=== Section Start ===
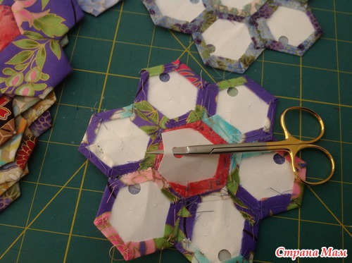 После того как все гексагоны соединены между собой, бумага вынимается, и вы получаете готовый верх для квилта. Стегать можно вручную или на машине.
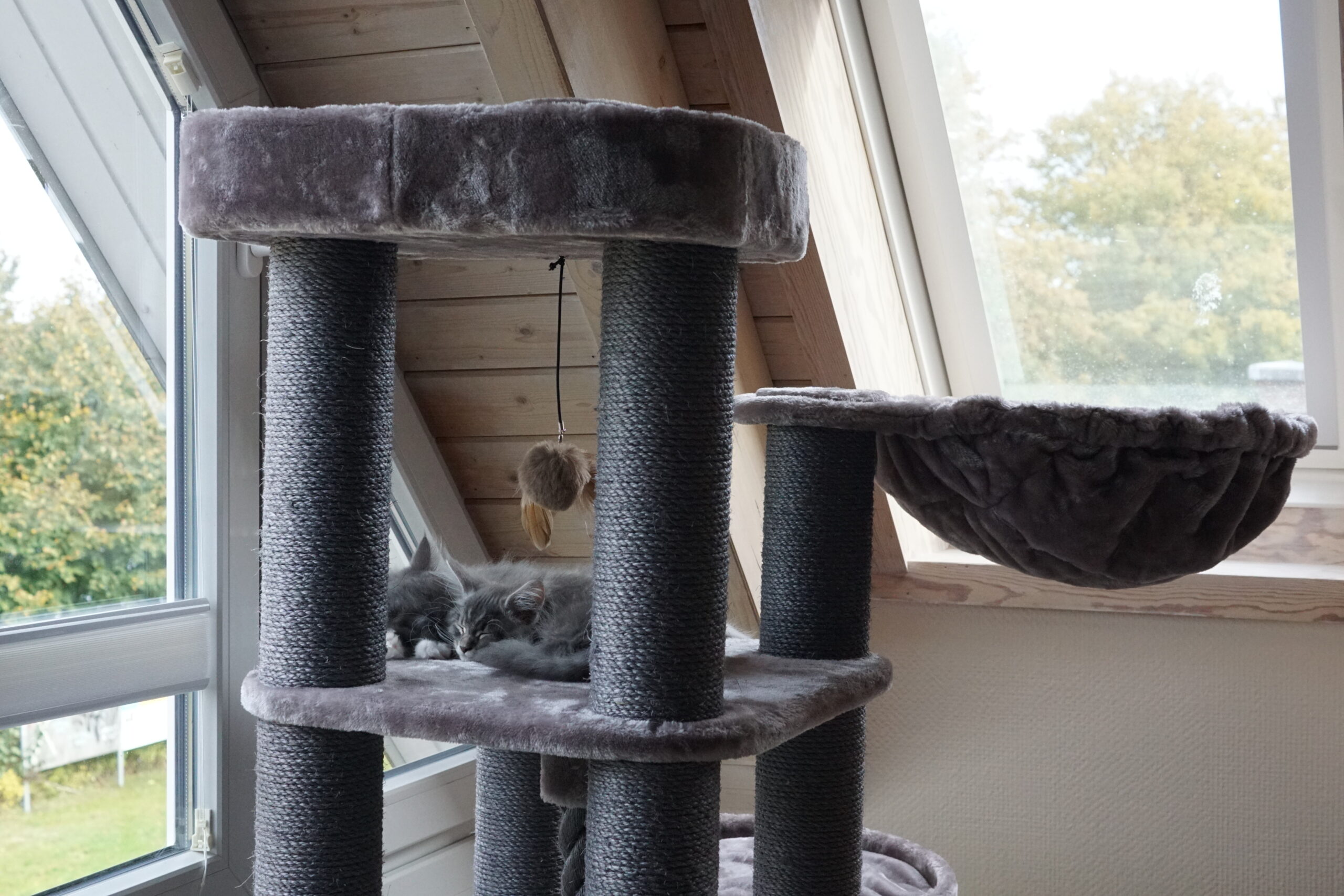 Voor iedere Coon wat wils, hangen, liggen, krabben en spelen? Het kan allemaal tegelijk.
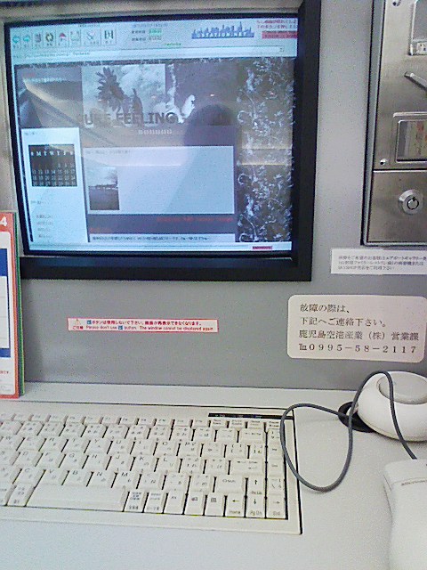 鹿児島空港で足止め、3時間待ちだぁ~、無駄だぁ~、やる事ねぇ~、空港の有料PCでblogがちゃんと更新されてるか確認してますが、モニターが悪くて目がチカチカッ(*_*)するんで速攻撤収致しました凹 にしても、ブロードバンド全盛の時代に1コイン10分しか見れないって、高すぎでしょ、空港さん(-_-メ)しゃ~ないから、タクシーでどっか行くかぁ~?
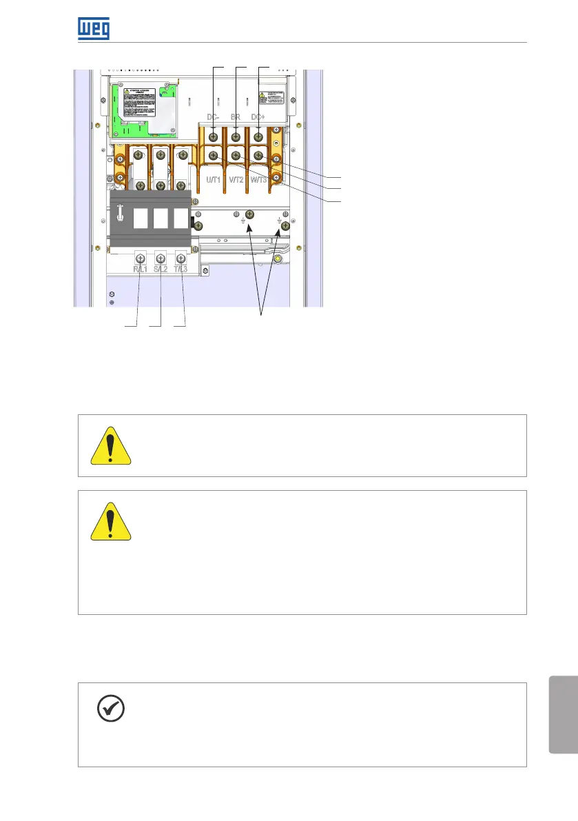 Utilizar terminais adequados para os cabos das conexões de potência e
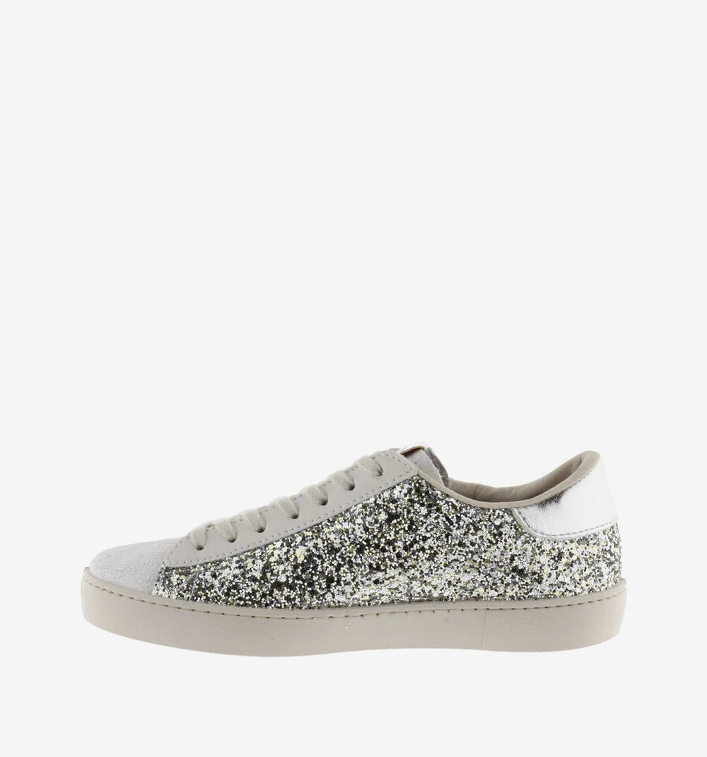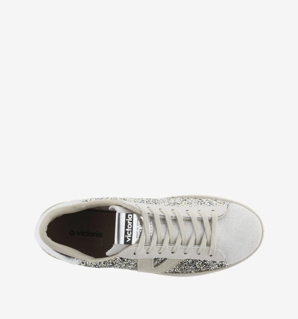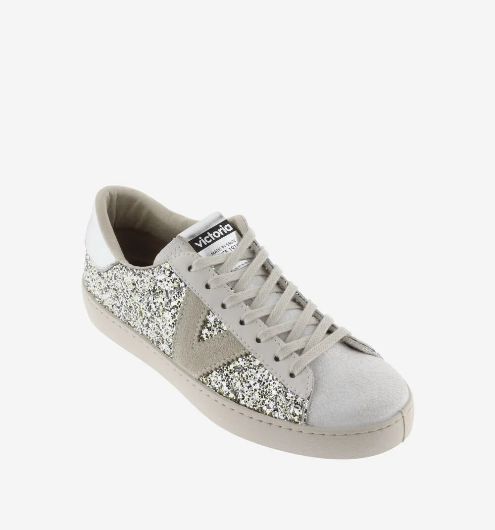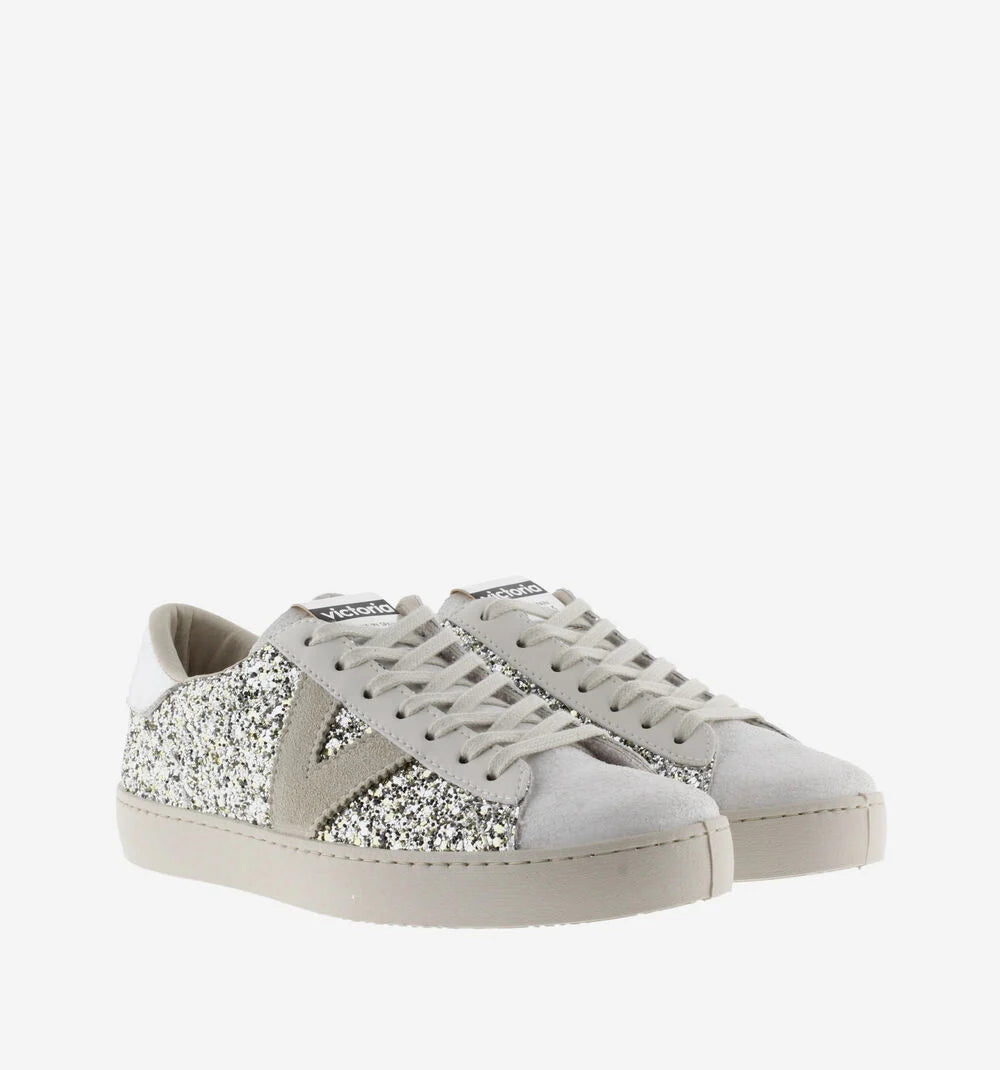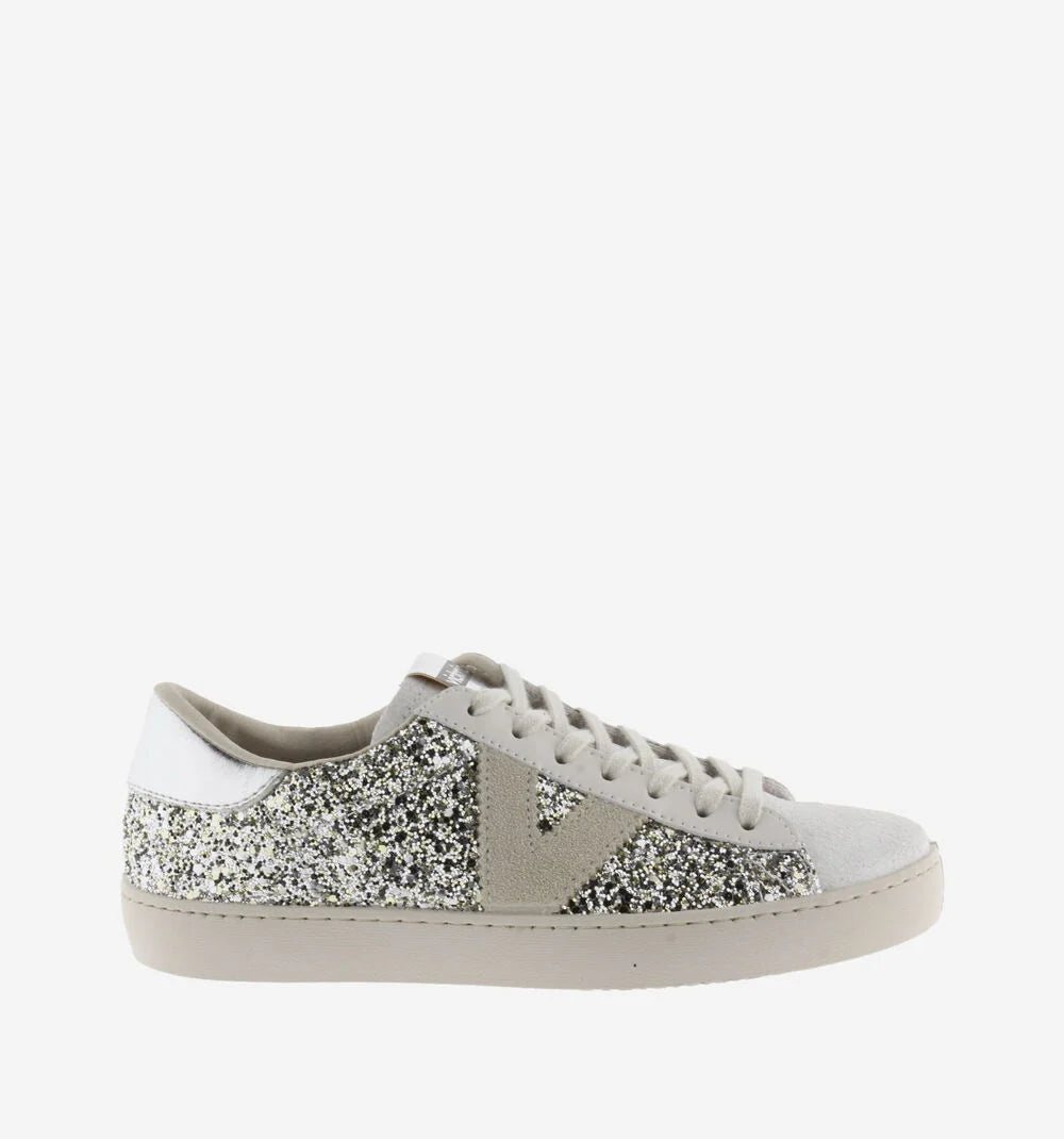 Get ready to dazzle in these silver glitter sneakers. In a classic plimsole shape, these trainers can finish off any simple outfit with sparkle. The trademark Victoria logo gives these super sparkly shoes a casual finish.
=== Section End ===
- [Exercise] The images in the entries above should be left out; please reproduce exactly the lines from the first through the one containing "Voor iedere Coon".

- [Solved exercise]
 После того как все гексагоны соединены между собой, бумага вынимается, и вы получаете готовый верх для квилта. Стегать можно вручную или на машине.
 Voor iedere Coon wat wils, hangen, liggen, krabben en spelen? Het kan allemaal tegelijk.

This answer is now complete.